**DATA TO USE**
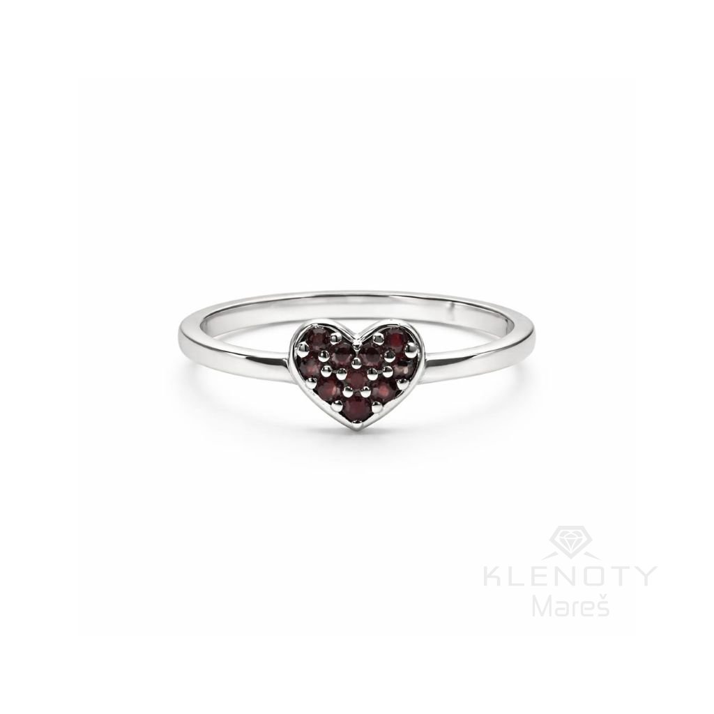 Elegantní stříbrný prsten osázený Českým granátem motivu srdce.
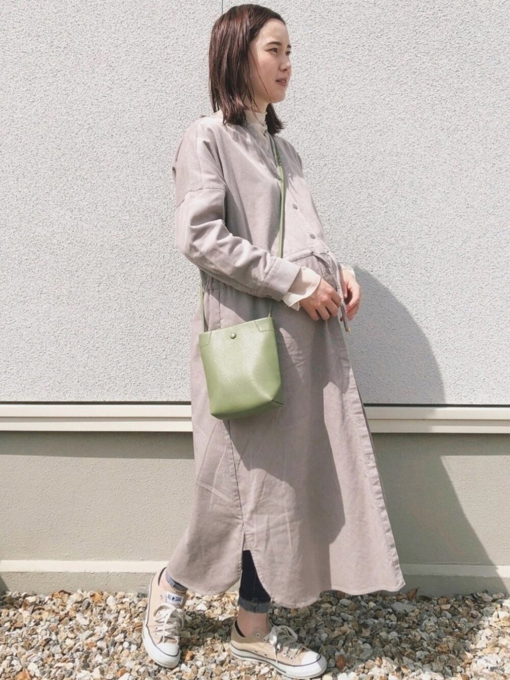 37週突入コーデはゆったりワンピ🤍 羽織としても使えて🙆🏻‍♀️ シアーブラウスレイヤードがポイント🤞🏽𖤐
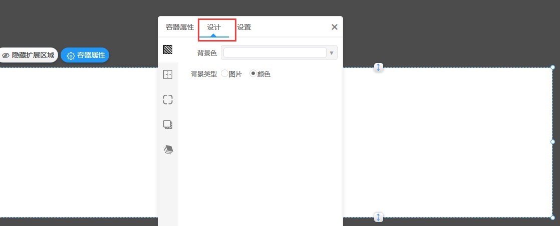 3,在“设计”里,可以设置容器的背景色、边框、圆角、阴影和出场动画效果。
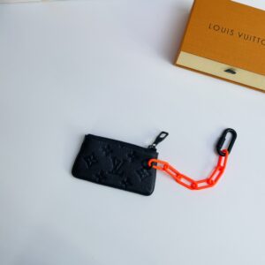 A key case from the latest season is a worthy collectible item. Luxurious leather is combined with a stylish compact shape, and the zip closure keeps personal belongings safe and secure. Versatile, it can be worn in a handbag as a wallet or on its own as a compact clutch with the chain handle.
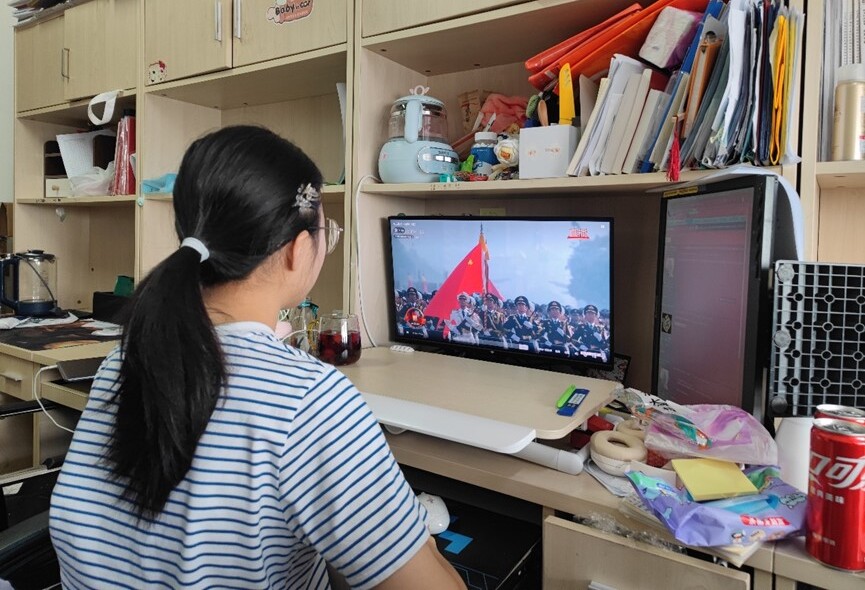 9月3日上午,系统室的学生党员们怀着崇敬的心情,各自通过网络直播平台,同步观看在北京隆重举行的纪念中国人民抗日战争暨世界反法西斯战争胜利80周年阅兵仪式。
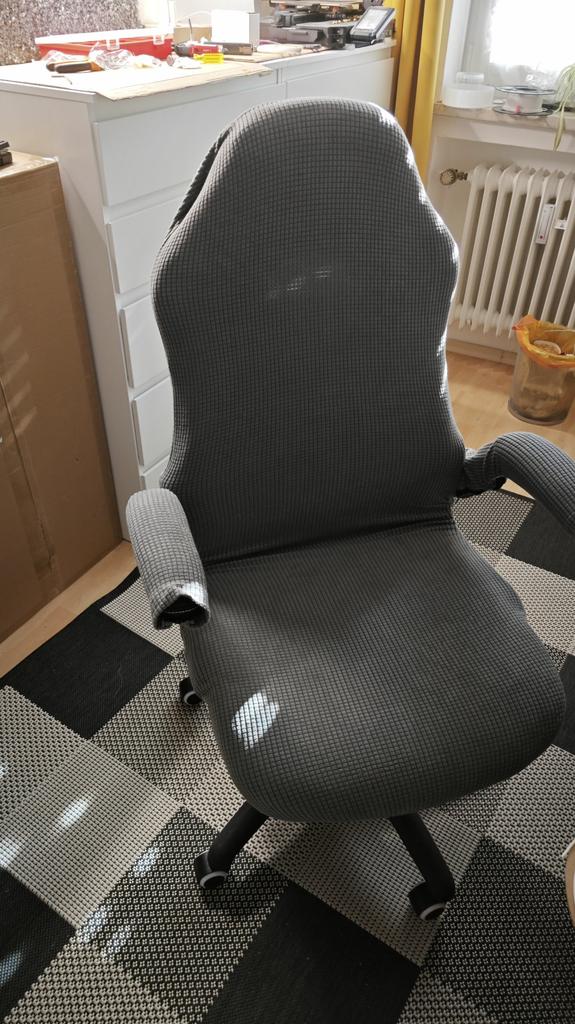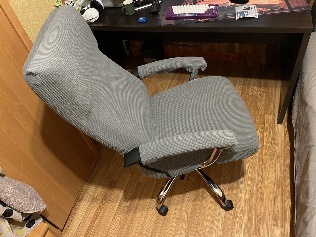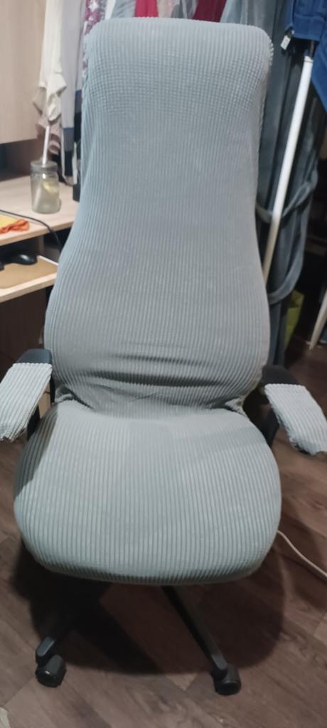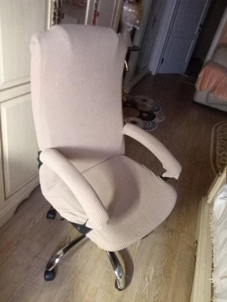 The cover is just great! I took it on an office chair, and pulled a rocking chair on the chair, on the side of the zipper, covers on the armrests with zippers. The material is chic, I recommend it to anyone who needs cases
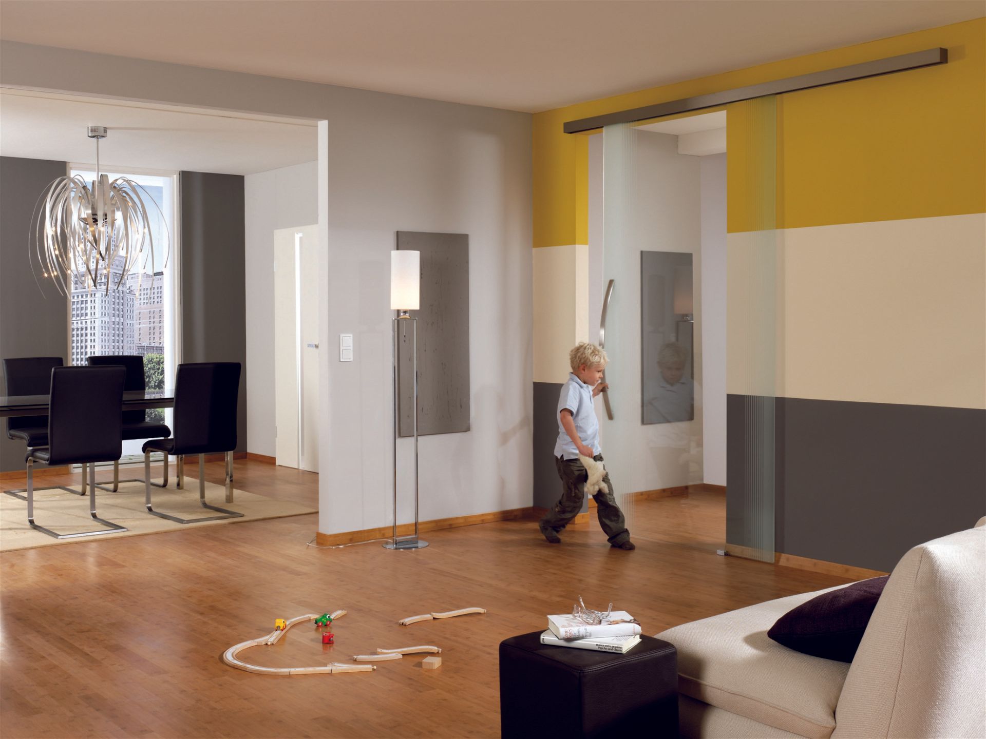 Schiebetüren verbinden Räume und sparen dabei eine Menge Platz. Mit Laufschienen, Beschlägen und Glasvarianten entstehen Durchgänge im privaten und öffentlichen Raum. Mit einer Automatik auch als barrierefreie Glasschiebetür. Schiebetüren sind platzsparend – geöffnet stehen sie nicht im Weg. Sie dienen als idealer Türersatz, sogar vor einer vorhandenen Türzarge. Mit zwei Türflügeln sind sie ein hervorragender Raumteiler und eignen sich auch als Schranktür. Als Hängesystem ohne Bodenschiene bieten sie Barrierefreiheit ohne Stolperkante.
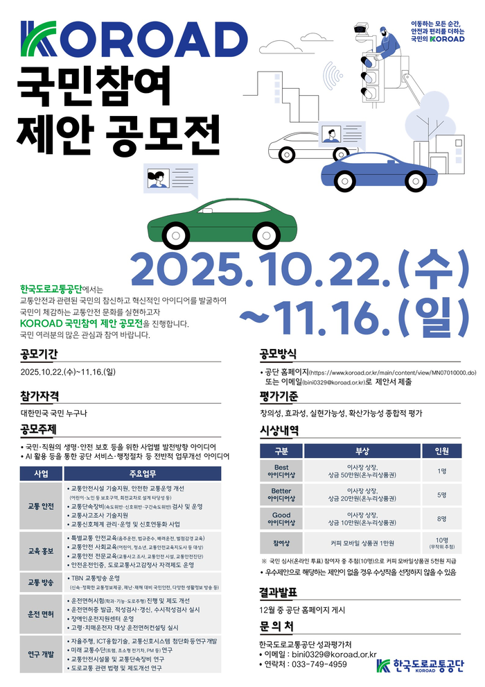 이번 공모전은 10월 22일부터 11월 16일까지 진행되며, 대한민국 국민이면 누구나 참여할 수 있다. 공단 주요 사업인 ▲교통안전 ▲교통안전 교육‧홍보 ▲교통방송 ▲운전면허 ▲연구개발 및 경영혁신 등과 관련한 아이디어를 공단 누리집(www.koroad.or.kr) 또는 이메일(bini0329@koroad.or.kr)로 제출하면 된다.
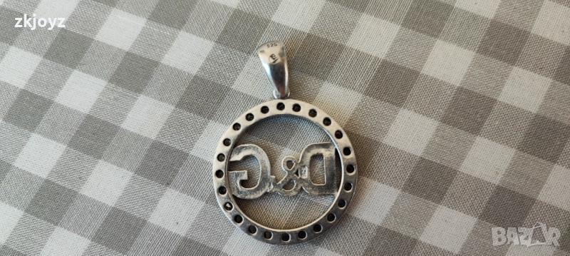 Висулка D&G (Долче и Габана) изработена от родирано сребро проба 925 ( маркирана, вижте снимките) ,украсена с циркони, тегло 6.88 грама, диаметър: 2.7 сантиметра..
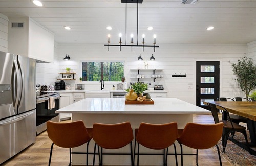 Vaulted ceilings and floor-to-ceiling windows flood the great room with light. Relax on plush seating in front of the seasonal gas fireplace, stream your favorite shows on the large Smart TV, or enjoy fast Wi-Fi throughout the cabin.
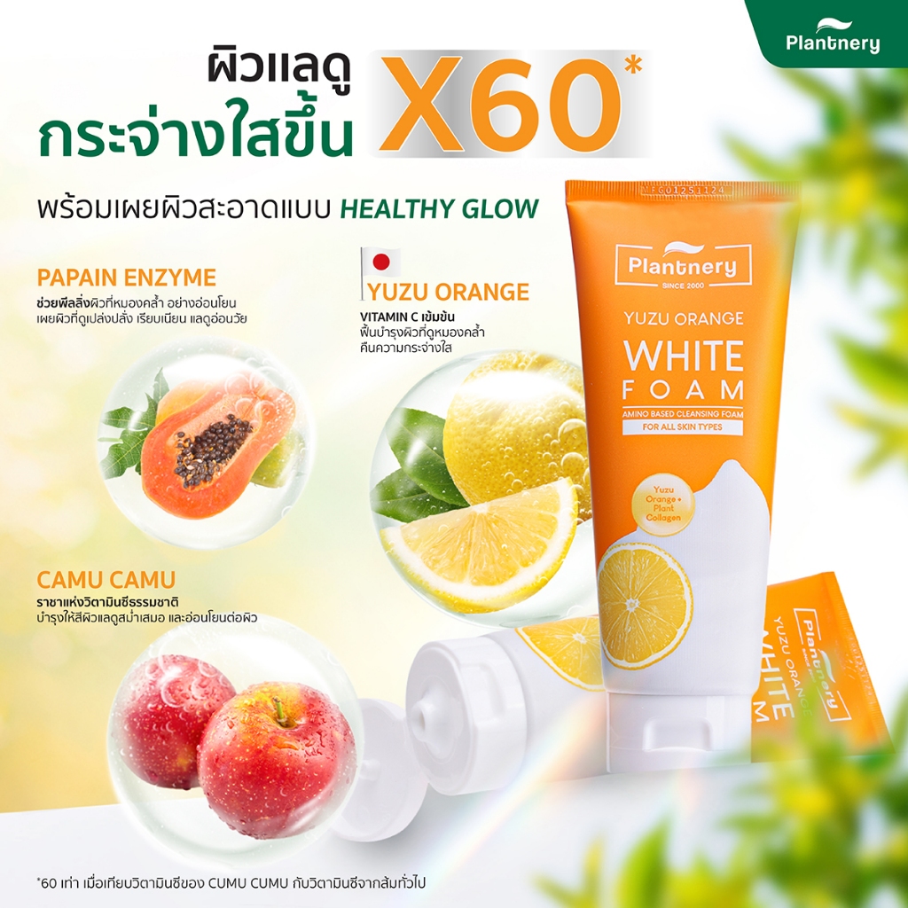 แพลนน์เนอร์รี่ โฟมล้างหน้า Plantnery Foam Tea Tree Acne / Yuzu Orange White 100 g.
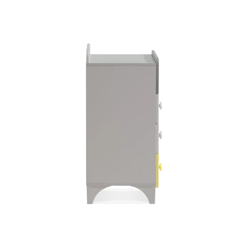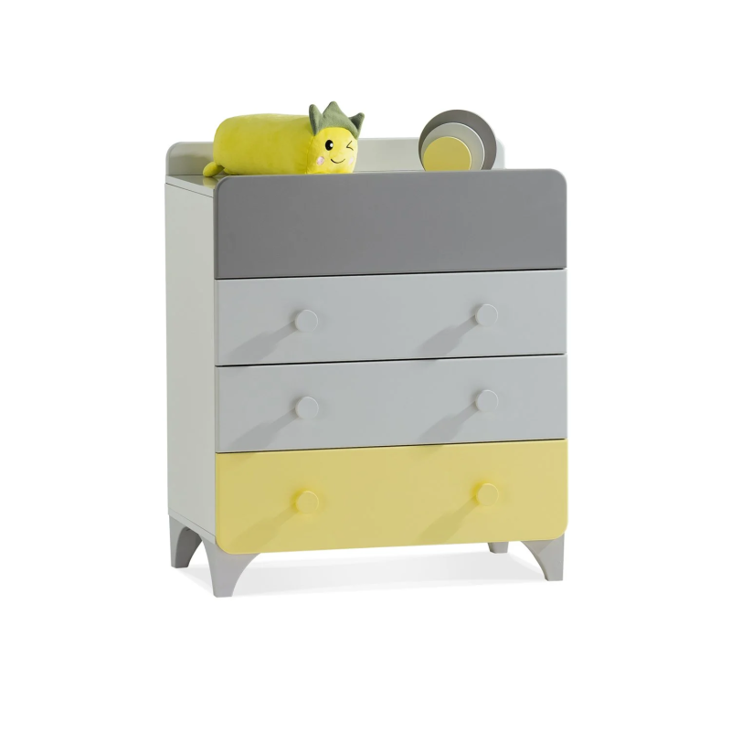 Детски скрин за дрехи MINIA разполага с четири просторни чекмеджета, всяко снабдено с механизъм за плавно затваряне, който осигурява безшумна и удобна употреба. Изработката от качествени ПДЧ и МДФ гарантира издръжливост и безопасност в детската стая. Благодарение на универсалния си дизайн и нежната цветова комбинация, скринът лесно се вписва в различни интериори, предоставяйки достатъчно място за дрехи, аксесоари или играчки. Подробности за размерите и характеристиките можете да намерите в раздел "Техническа информация".
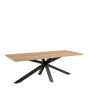 Introducing the centerpiece of your dining room - a dining table that marries rustic charm with modern elegance. Its spacious rectangular tabletop comfortably accommodates up to 10 people, ideal for intimate gatherings. Infusing a touch of nature indoors, the tabletop boasts an oiled wild oak veneer surface, lending an inviting warmth to the space. Supported by a sleek black metal cross base, it exudes vibrant energy, filling the room with vitality.
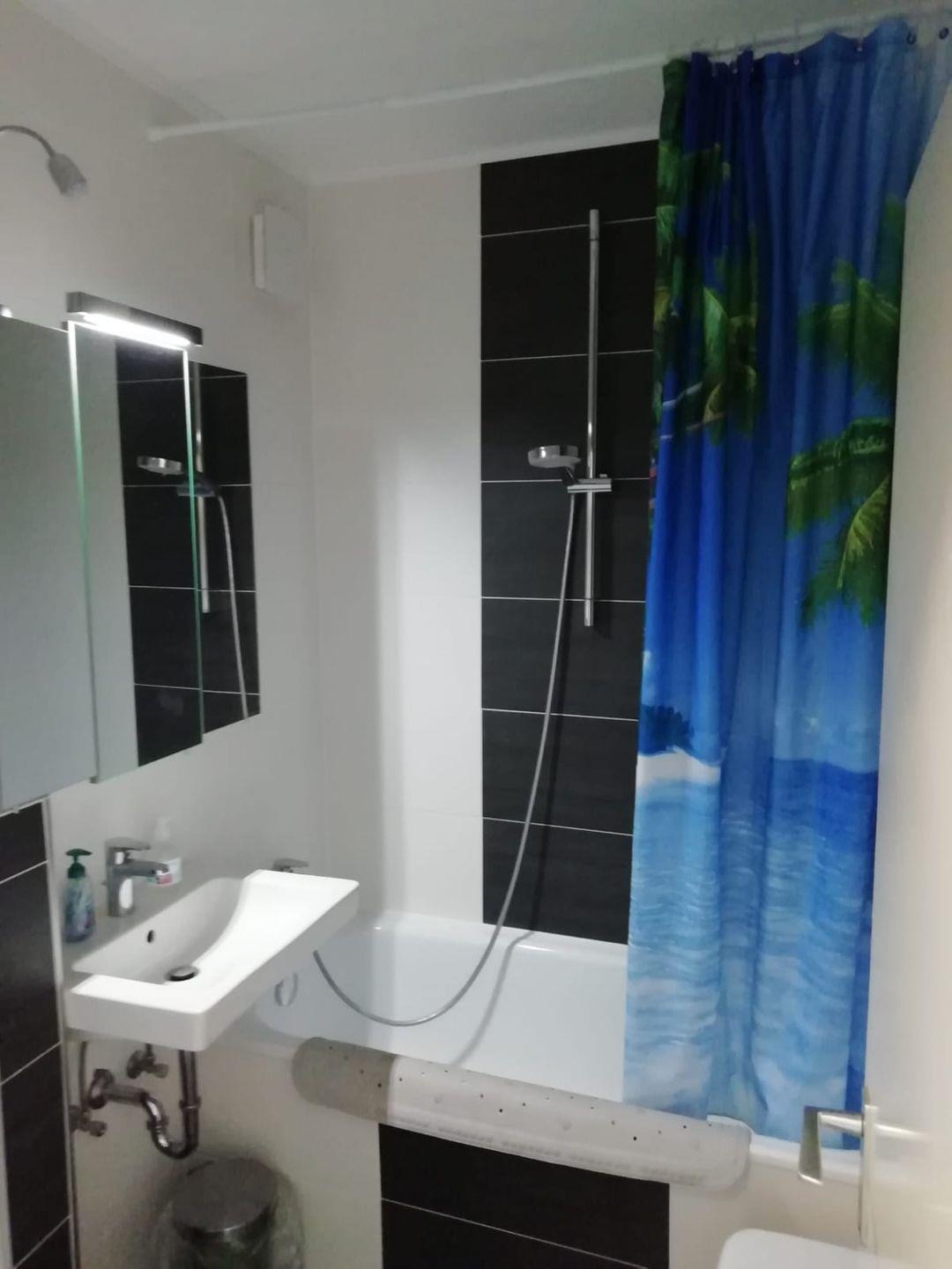 Die Wohnung bietet Platz für zwei Erwachsene und zwei Kinder, mit zwei Doppelbetten, eins im Wohn/Schlafzimmer und eins im durch eine Tür trennbaren Nebenraum.

**TASK ITEM**
In copying the material, drop all pictures and keep everything else identical.

**SOLUTION TO THE EXERCISE**
 Elegantní stříbrný prsten osázený Českým granátem motivu srdce.
 37週突入コーデはゆったりワンピ🤍 羽織としても使えて🙆🏻‍♀️ シアーブラウスレイヤードがポイント🤞🏽𖤐
 3,在“设计”里,可以设置容器的背景色、边框、圆角、阴影和出场动画效果。
 A key case from the latest season is a worthy collectible item. Luxurious leather is combined with a stylish compact shape, and the zip closure keeps personal belongings safe and secure. Versatile, it can be worn in a handbag as a wallet or on its own as a compact clutch with the chain handle.
 9月3日上午,系统室的学生党员们怀着崇敬的心情,各自通过网络直播平台,同步观看在北京隆重举行的纪念中国人民抗日战争暨世界反法西斯战争胜利80周年阅兵仪式。
 The cover is just great! I took it on an office chair, and pulled a rocking chair on the chair, on the side of the zipper, covers on the armrests with zippers. The material is chic, I recommend it to anyone who needs cases
 Schiebetüren verbinden Räume und sparen dabei eine Menge Platz. Mit Laufschienen, Beschlägen und Glasvarianten entstehen Durchgänge im privaten und öffentlichen Raum. Mit einer Automatik auch als barrierefreie Glasschiebetür. Schiebetüren sind platzsparend – geöffnet stehen sie nicht im Weg. Sie dienen als idealer Türersatz, sogar vor einer vorhandenen Türzarge. Mit zwei Türflügeln sind sie ein hervorragender Raumteiler und eignen sich auch als Schranktür. Als Hängesystem ohne Bodenschiene bieten sie Barrierefreiheit ohne Stolperkante.
 이번 공모전은 10월 22일부터 11월 16일까지 진행되며, 대한민국 국민이면 누구나 참여할 수 있다. 공단 주요 사업인 ▲교통안전 ▲교통안전 교육‧홍보 ▲교통방송 ▲운전면허 ▲연구개발 및 경영혁신 등과 관련한 아이디어를 공단 누리집(www.koroad.or.kr) 또는 이메일(bini0329@koroad.or.kr)로 제출하면 된다.
 Висулка D&G (Долче и Габана) изработена от родирано сребро проба 925 ( маркирана, вижте снимките) ,украсена с циркони, тегло 6.88 грама, диаметър: 2.7 сантиметра..
 Vaulted ceilings and floor-to-ceiling windows flood the great room with light. Relax on plush seating in front of the seasonal gas fireplace, stream your favorite shows on the large Smart TV, or enjoy fast Wi-Fi throughout the cabin.
 แพลนน์เนอร์รี่ โฟมล้างหน้า Plantnery Foam Tea Tree Acne / Yuzu Orange White 100 g.
 Детски скрин за дрехи MINIA разполага с четири просторни чекмеджета, всяко снабдено с механизъм за плавно затваряне, който осигурява безшумна и удобна употреба. Изработката от качествени ПДЧ и МДФ гарантира издръжливост и безопасност в детската стая. Благодарение на универсалния си дизайн и нежната цветова комбинация, скринът лесно се вписва в различни интериори, предоставяйки достатъчно място за дрехи, аксесоари или играчки. Подробности за размерите и характеристиките можете да намерите в раздел "Техническа информация".
 Introducing the centerpiece of your dining room - a dining table that marries rustic charm with modern elegance. Its spacious rectangular tabletop comfortably accommodates up to 10 people, ideal for intimate gatherings. Infusing a touch of nature indoors, the tabletop boasts an oiled wild oak veneer surface, lending an inviting warmth to the space. Supported by a sleek black metal cross base, it exudes vibrant energy, filling the room with vitality.
 Die Wohnung bietet Platz für zwei Erwachsene und zwei Kinder, mit zwei Doppelbetten, eins im Wohn/Schlafzimmer und eins im durch eine Tür trennbaren Nebenraum.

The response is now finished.